The Union recognises the “profound impact” of Geingob’s policies and initiatives in advancing the rights and well-being of the working class, Ampweya said.
“His legacy of advocating for labour rights and social justice has left an indelible mark on our society,” he added.

The NEF mourns the loss of a leader “who was at the forefront of sculpturing our democracy”, Shikongo said in a statement yesterday.
Paying tribute to late President, Shikongo said Geingob was not only was the chairperson of the committee that drafted Namibia’s Constitution, but he also continuously emphasised the separation of power between the executive, the legislative and the judicial branch of government.
“Namibia today can still proudly present itself as a peaceful and stable country. Democracy, stability, functioning systems and procedures, freedom of the press – these are all prerequisites for a vast country with a small population, like ours, to attract investments.
“This is part of Dr Geingob’s legacy. He took the lead in establishing the right conditions for investment and he took it upon himself to personally create linkages and networks and to meet international investors, at home and abroad,” Shikongo said.
He added: “Namibia is a constitutional democracy due to the persistence and resilience of Dr Geingob. This can ensure us as Namibians and as employers that the peace and calmness will prevail, so that we all can be strong and deliberate in contributing to our country’s economy.”

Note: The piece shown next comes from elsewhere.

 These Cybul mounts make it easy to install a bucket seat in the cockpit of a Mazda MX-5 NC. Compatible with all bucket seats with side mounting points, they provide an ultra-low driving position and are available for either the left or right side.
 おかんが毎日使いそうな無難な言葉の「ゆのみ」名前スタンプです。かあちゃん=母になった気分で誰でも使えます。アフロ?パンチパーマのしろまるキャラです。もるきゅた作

It is the responsibility of every Namibian to continue to build on Geingob’s legacy of peace and stability, which can be achieved through focussed efforts, collaboration and a bravery to forge forward for economic success in the interest of every Namibian.
The CIF said the late statesman steered the country through difficult economic times and was relentless in including everyone in the Namibian House and maintaining peace in the country.
“His emphasis on democratic principles, for better or worse, must be respected. He built an exemplary foundation that demanded hard work and delivery,” Badenhorst said.
“With continued focus and perseverance, we Namibians are strong and brave to materialise the economic opportunities that have been created under his leadership,” he added.

Investment Board
The Namibia Investment and Development Board (NIPDB) described Geingob as “a leader whose unwavering bravery and profound love for his nation left an indelible mark”.
“His sacrifice, fighting for the betterment of Namibia until the very end, showcases his dedication to the well-being of his people,” the NIPDB said in a message of condolences in its Facebook page.
“May his legacy of service and commitment be a source of strength in the days ahead,” the NIPDB said.

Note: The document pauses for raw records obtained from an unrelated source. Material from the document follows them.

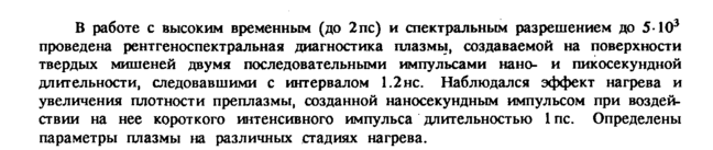 В работе с высоким временным (до 2пс) и спектральным разрешением до 5103 проведена рентгеноспектральная диагностика плазмы, создаваемой на поверхности твердых мишеней двумя последовательными импульсами на нои пикосекундной длительности, следовавшими с интервалом 1.2 нс. Наблюдался эффект нагрева и увеличения плотности преплазмы, созданной наносекундным импульсом при воздействии на нее короткого интенсивного импульса длительностью 1 пс. Определены параметры плазмы на различных стадиях нагрева.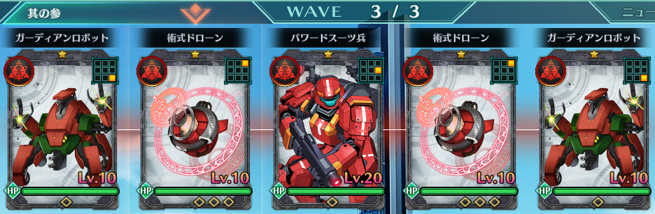 Wave3 | パワードスーツ兵:赤 x1、ガーディアンロボット:赤 x2、術式ドローン:赤 x2 |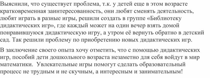 Выяснили, что существует проблема, т.к. у детей еще в этом возрасте кратковременная заинтересованность, они любят сменять деятельность, любят играть в разные игры, решили создать в группе «Библиотеку дидактических игр», где каждый может на один вечер взять домой понравившуюся дидактическую игру, а утром её вернуть обратно в детский сад. Так решили проблему по приобретению новых дидактических игр.

The Namibia Statistics Agency (NSA) is mourning “a leader who tirelessly championed the principle that everybody counts, and that no one should feel left behind”.
NSA chairperson Salomo Hei said the late President leaves behind a legacy of compassion, inclusivity and a commitment to the well-being of every citizen.
“His dedication to creating a society where every individual is valued and considered has left an indelible mark on the hearts and minds of the people,” Hei said.
The NSA had the privilege of witnessing the late leader’s “unwavering dedication to the principles of inclusivity, justice, equality and unity. His leadership was marked by a vision that transcended political boundaries, emphasising the importance of a collective effort to build a better future for all”.
“During these challenging times, we stand in solidarity with the nation as we navigate the complexities of grieving,” the NSA said.

The Hospitality Association of Namibia (HAN) expressed its deepest condolences with the country as it mourns the loss of Geingob.
“Independent Namibia has lost one of its pioneers, who served this country until the end,” the HAN executive said in a statement.
“Let us as Namibians join hands to ensure that together we steer our nation through this difficult time,” HAN urged.